Here is a door fast closed, I see; I wish 'twould open wide for me! I try a gentle knock or two; oh! door, I beg you, let me through. The door just shows a grim dark face: shall I sit down and wait a pace? Indeed, I won't, I'll knock again, and this time swift and sharp like rain. Indifferent and callous door, I'll bang again, and more and more!
My patient friends smile as they stand and see my bruised and bleeding hand. “You'll knock your head against a wall, that's what you'll do, and that is all. Just be content to stand outside, the world is very large and wide. That door is closed, just wait your turn, and don't with such impatience burn.” But, oh!
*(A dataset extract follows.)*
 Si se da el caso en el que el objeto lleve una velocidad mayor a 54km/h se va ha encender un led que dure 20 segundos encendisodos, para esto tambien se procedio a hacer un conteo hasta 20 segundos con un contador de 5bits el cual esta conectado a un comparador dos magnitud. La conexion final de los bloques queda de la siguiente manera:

I'd rather, bleeding, die—than live without the will to try!
- all from The Fragrant Minute for Every Day [Daily Graphic—Series No. 1], Stitch, Wilhelmina [Collie, Ruth] (ca. 1888-1936)
Wilhelmina Stitch The Fragrant Minute for Every Day Project Gutenberg Canada |
A FACT- Ray
I bought a chicken in the street, and hung it up to serve as meat; but when I came to view the bird, ‘twas black and green and looked absurd. Was I despondent? Never—no—your Wilhelmina’s never so, though I had lost my lunch, ‘twas true, and wasted five and sixpence too. I sat me down and took a breath, thought fragrantly of Life and Death, of Strength and Grace and Love and Power, and so I mused for half an hour. Then up I rose, replete with calm, and softly sang the Hundredth Psalm; I gave the chicken to my mother and sallied forth to buy another.
- Bridget Muller, in Verse and Worse, Arnold Silcock, Faber and Faber, 1958.